* [Work item]:
This task asks for the lines from the one with "В преддверии праздника" to the final line below, repeated exactly, with pictures omitted.

* [Data supplied]:
========

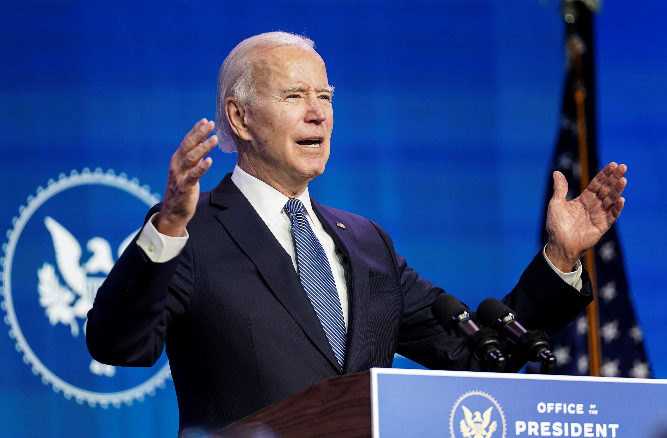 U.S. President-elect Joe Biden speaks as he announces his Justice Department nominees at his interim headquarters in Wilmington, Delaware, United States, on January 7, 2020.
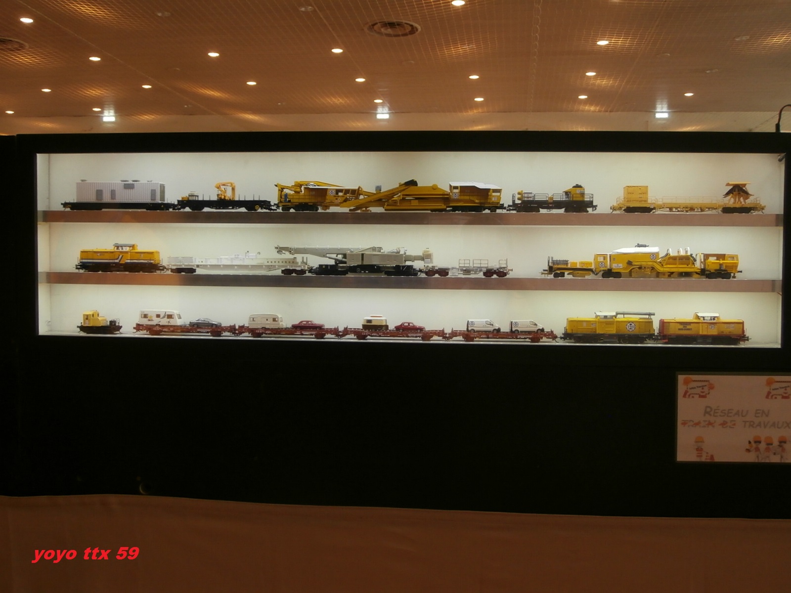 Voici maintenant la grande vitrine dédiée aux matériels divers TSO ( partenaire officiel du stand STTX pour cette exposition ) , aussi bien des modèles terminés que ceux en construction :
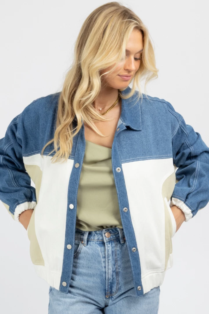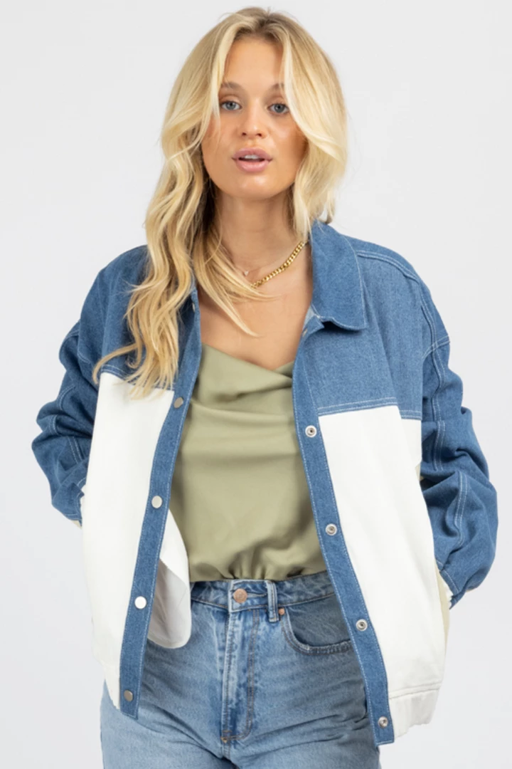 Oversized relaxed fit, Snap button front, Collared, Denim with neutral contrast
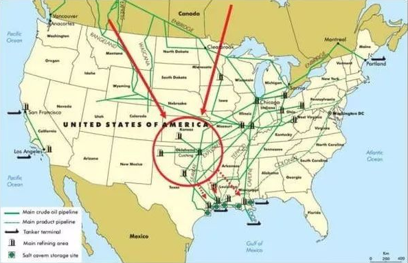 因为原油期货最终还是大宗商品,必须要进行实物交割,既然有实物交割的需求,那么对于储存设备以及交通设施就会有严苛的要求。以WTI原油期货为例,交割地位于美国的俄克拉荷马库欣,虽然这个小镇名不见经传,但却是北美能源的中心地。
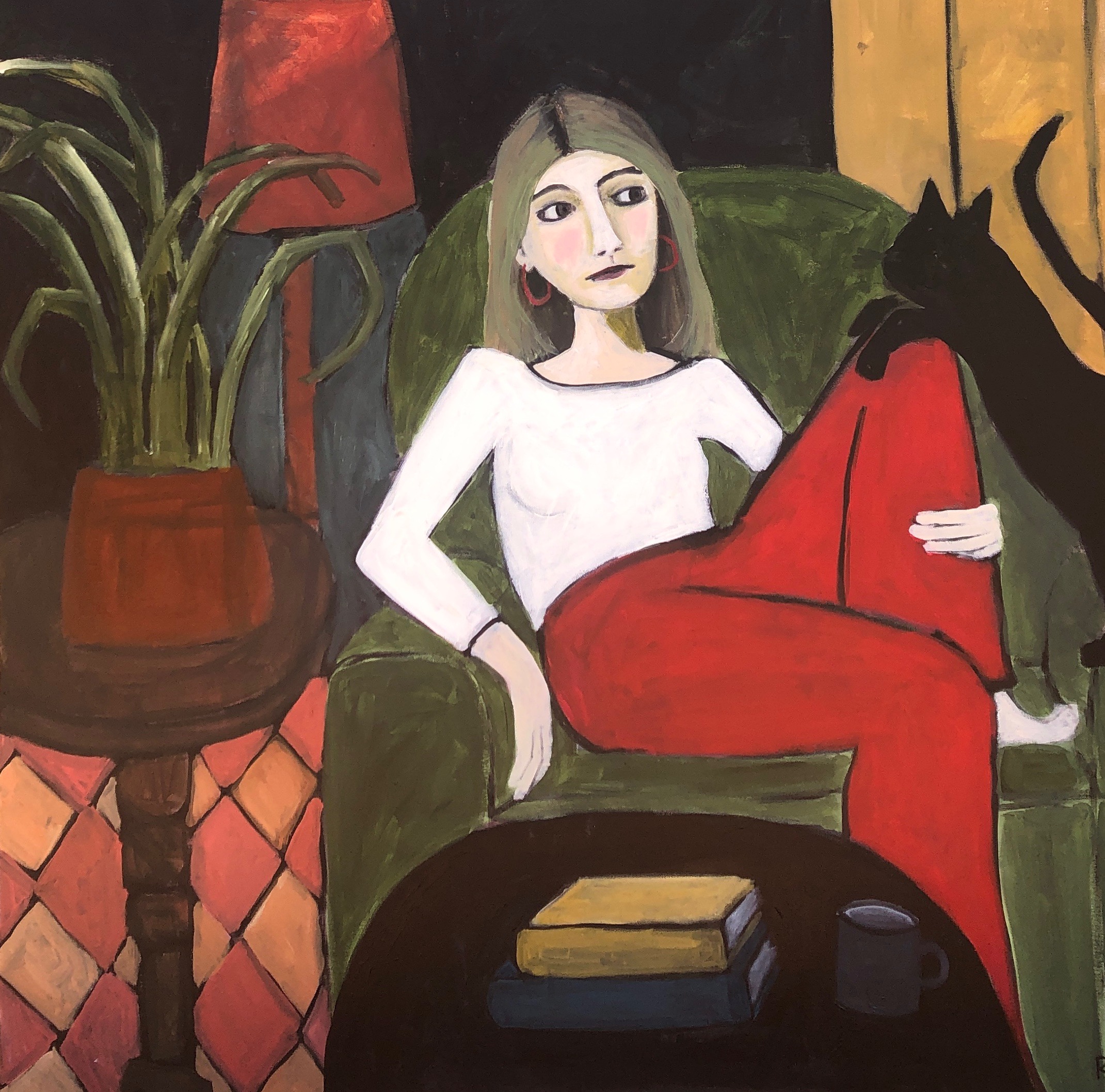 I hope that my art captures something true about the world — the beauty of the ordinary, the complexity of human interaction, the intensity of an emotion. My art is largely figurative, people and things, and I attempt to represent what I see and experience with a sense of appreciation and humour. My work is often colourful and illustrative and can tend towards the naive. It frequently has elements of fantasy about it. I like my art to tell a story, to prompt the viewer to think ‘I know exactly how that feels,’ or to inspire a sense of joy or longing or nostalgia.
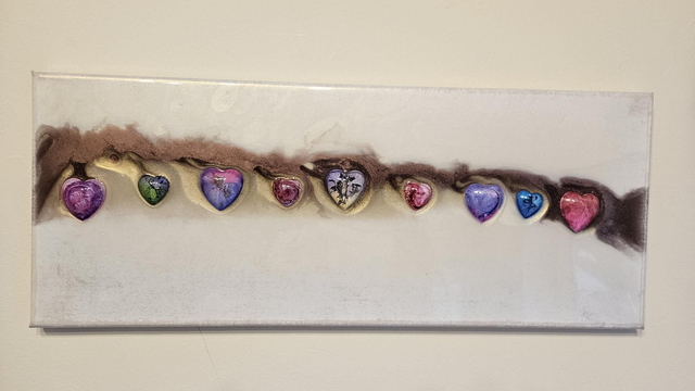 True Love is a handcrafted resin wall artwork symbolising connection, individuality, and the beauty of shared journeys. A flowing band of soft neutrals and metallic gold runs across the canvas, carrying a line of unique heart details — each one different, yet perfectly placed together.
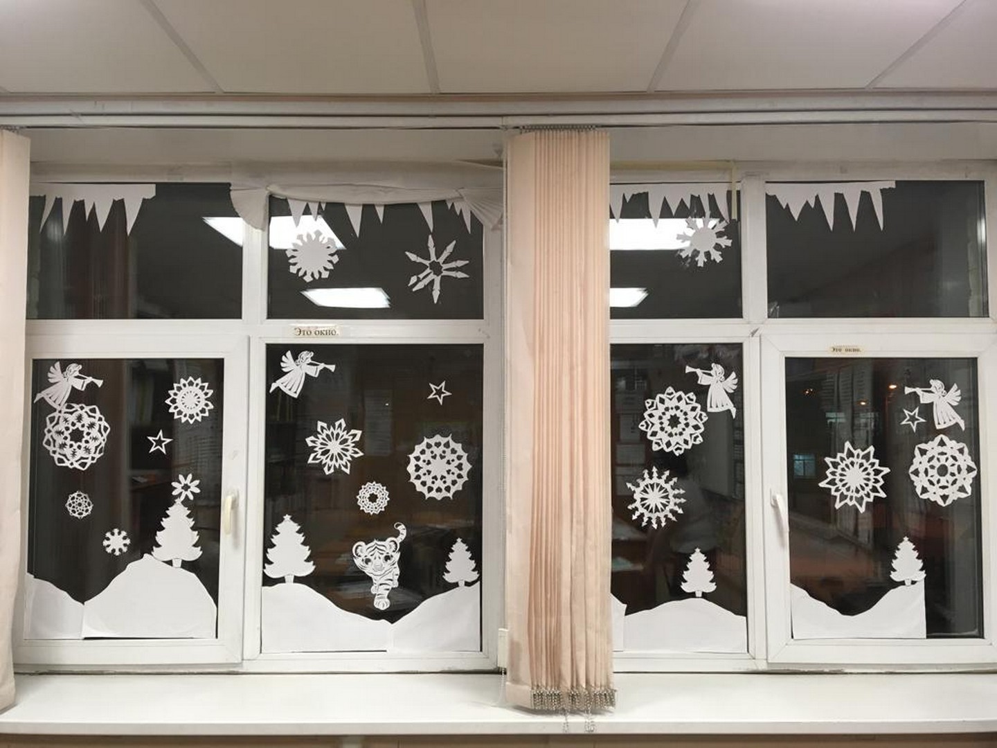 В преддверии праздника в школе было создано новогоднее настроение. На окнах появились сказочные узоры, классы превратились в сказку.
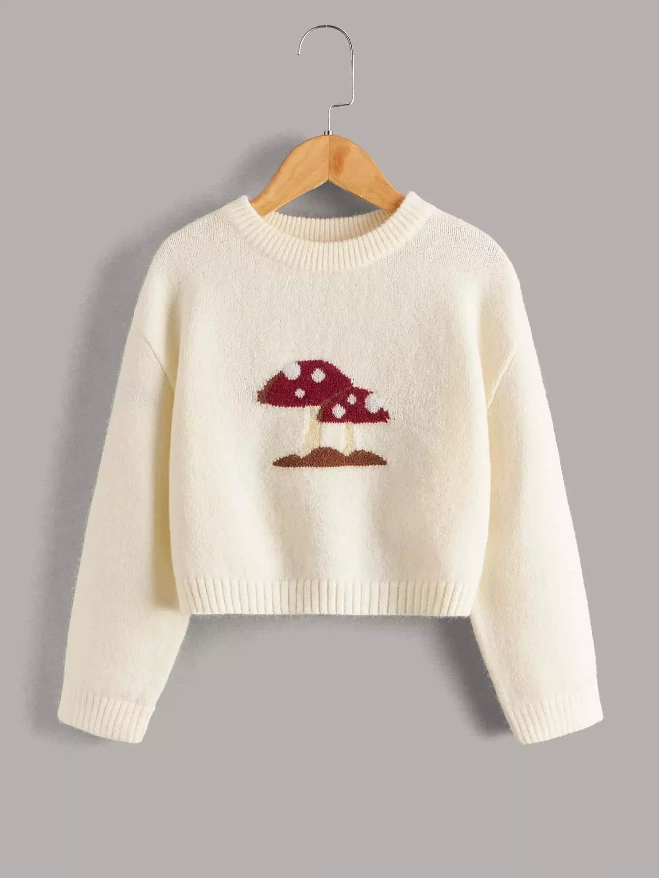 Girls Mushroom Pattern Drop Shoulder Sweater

========

* [Solution]:
 В преддверии праздника в школе было создано новогоднее настроение. На окнах появились сказочные узоры, классы превратились в сказку.
 Girls Mushroom Pattern Drop Shoulder Sweater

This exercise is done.